Blockchain allows users to send money anywhere in the world without paying an intermediary, like a bank or wire service, to convert the currency or handle the transaction process.
“Once a transaction is recorded on blockchain, its decentralized nature and cryptographic algorithm make it virtually impossible to tamper with it,” says Connors. Cryptography refers to techniques used to keep information and communications secure and private, limiting access to just the sender and recipient.
How is crypto used?
Crypto adoption is still in its early stages, and crypto coins are not widely used as currency—at least, not yet. However, companies worldwide are increasingly interested in these new digital assets, using them for investment products, money transfers and business transactions. It’s also used in decentralized applications (dApps), which offer crypto-enabled financial products and services, such as lending, insurance and smart contracts.
“The primary use for cryptocurrencies is a method of storing value and sending and receiving payments at low cost and high speed, with no intermediaries, unlike current payment rails,” Connors says. He adds that ultimately, cryptocurrencies could be used for any financial transaction.
What are altcoins?
Since the launch of bitcoin (BTC for short) in 2009, thousands of other crypto coins have appeared, with many of their developers trying to improve on bitcoin’s features and functionality. These are collectively referred to as “altcoins,” or alternatives to bitcoin.
BTC is still the most dominant digital coin, in terms of both size and adoption—it accounts for about 40% of crypto’s market capitalization. Bitcoin is followed by ether (ETH), the native coin of the Ethereum blockchain.
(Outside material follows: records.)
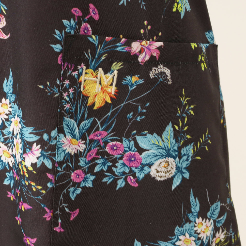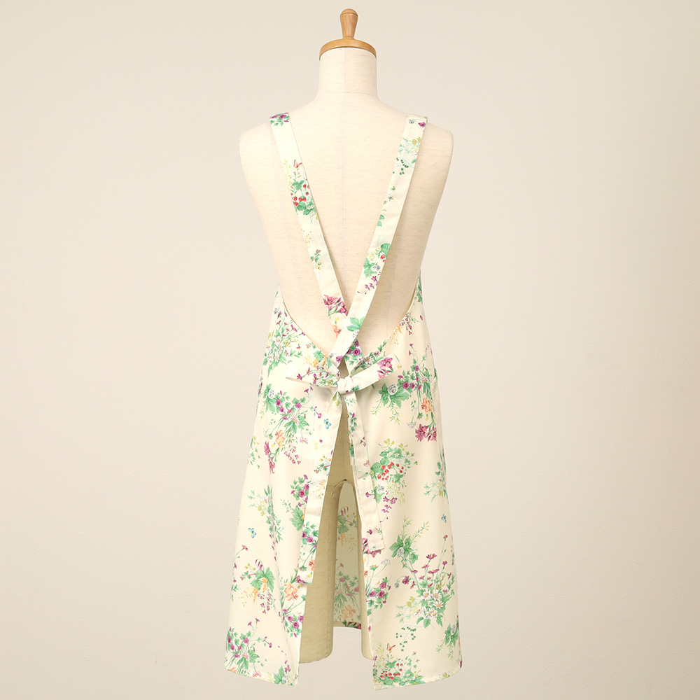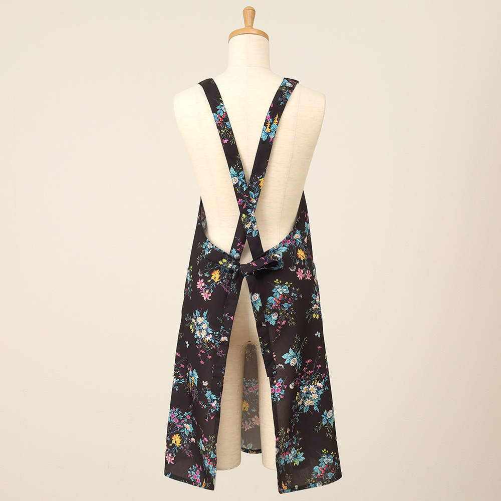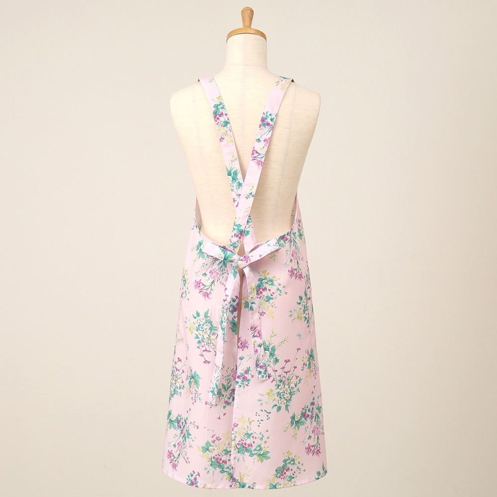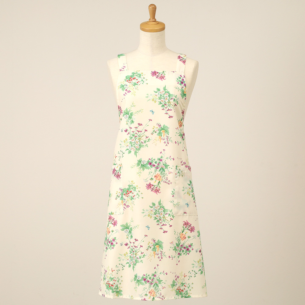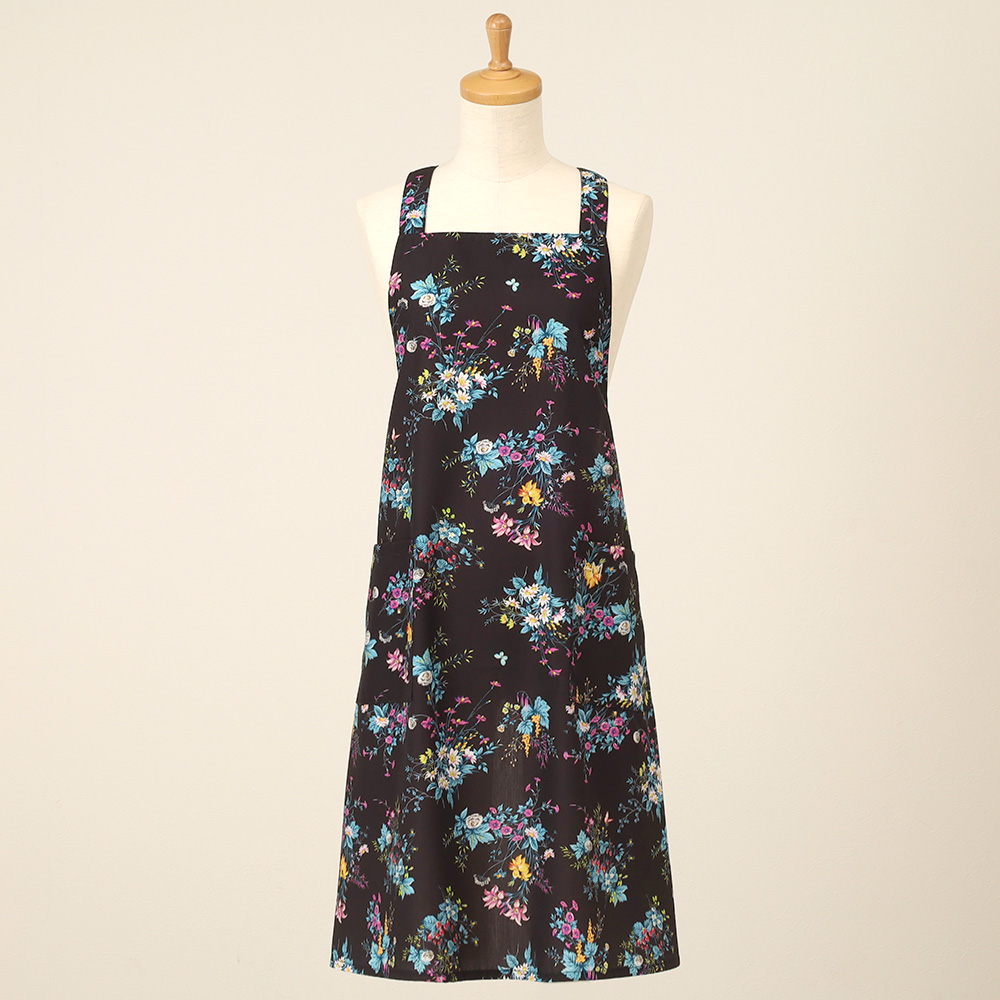 色彩豊かで華やかなフラワーブーケをプリントで表現したエプロン。コットンライクのポリエステル素材はシワになりにくく、ケアも用意。プレゼントにもおすすめな一枚です。
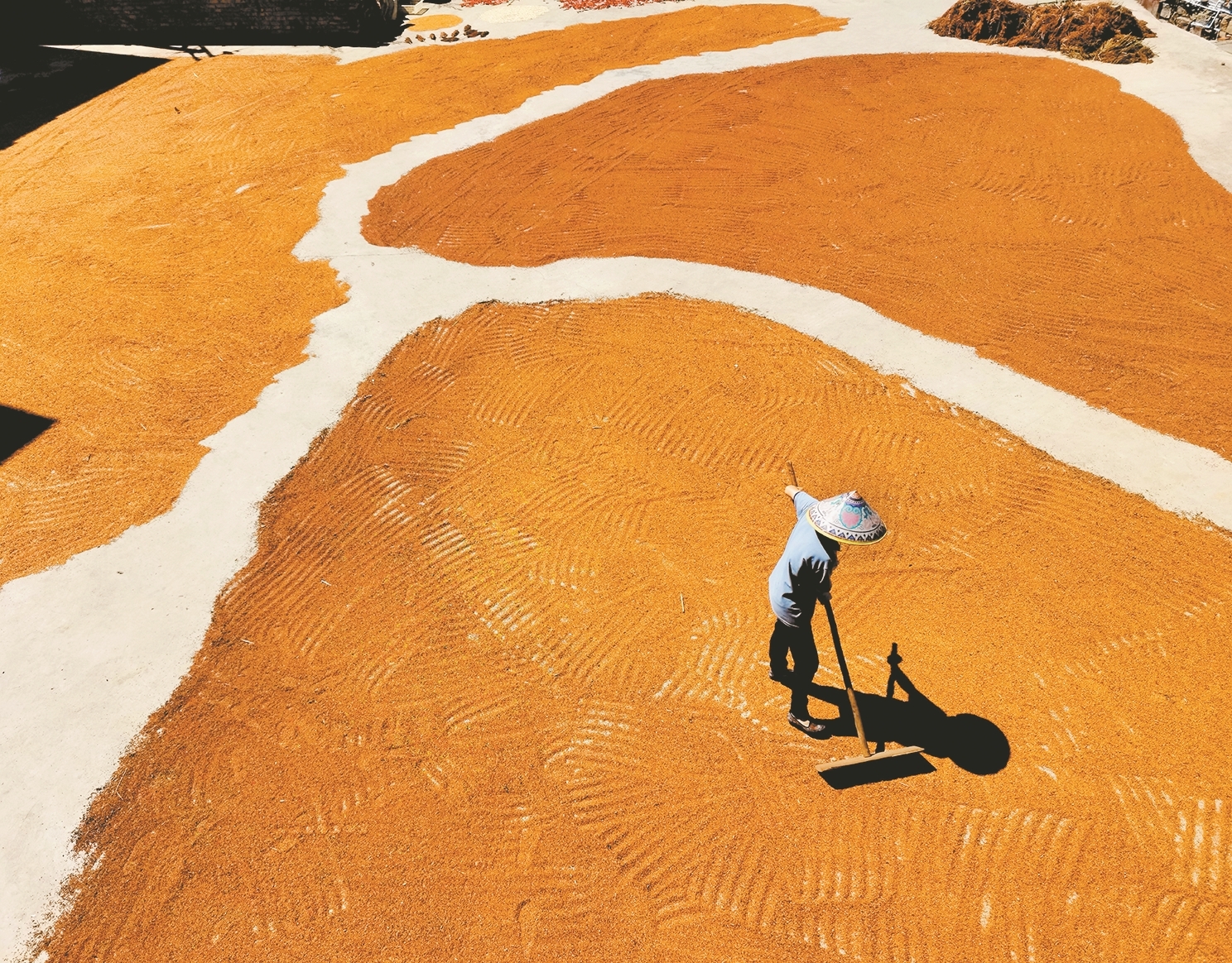 重庆南川近日连续高温,气温接近40摄氏度,当地农民抓紧晒高粱。
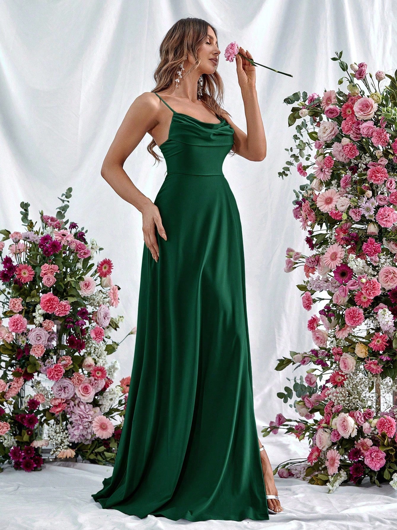 Draped Collar Wrap Hem Cami Dress Elegant Bridesmaid Dress

Other cryptocurrencies gaining traction and market value include ADA (Cardano blockchain), SOL (Solana), LTC (Litecoin), XLM (Stellar), MATIC (Polygon), DOT (Polkadot), USDC (USD coin) and AVAX (Avalanche), as well as the memecoins DOGE (Dogecoin) and SHIB (Shiba Inu).
“Cryptocurrencies differ in their underlying cryptography, technology and networks, but what they do have in common is they all provide utility as a digital or virtual currency alternative to traditional fiat currency,” asserts Connors.
Today, the crypto market is flooded with thousands of different digital coins. Some crypto investors prefer to stick to “blue chip” coins such as bitcoin, ethereum and cardano. Others may be drawn to smaller, less established coins, including memecoins such as dogecoin and shiba inu.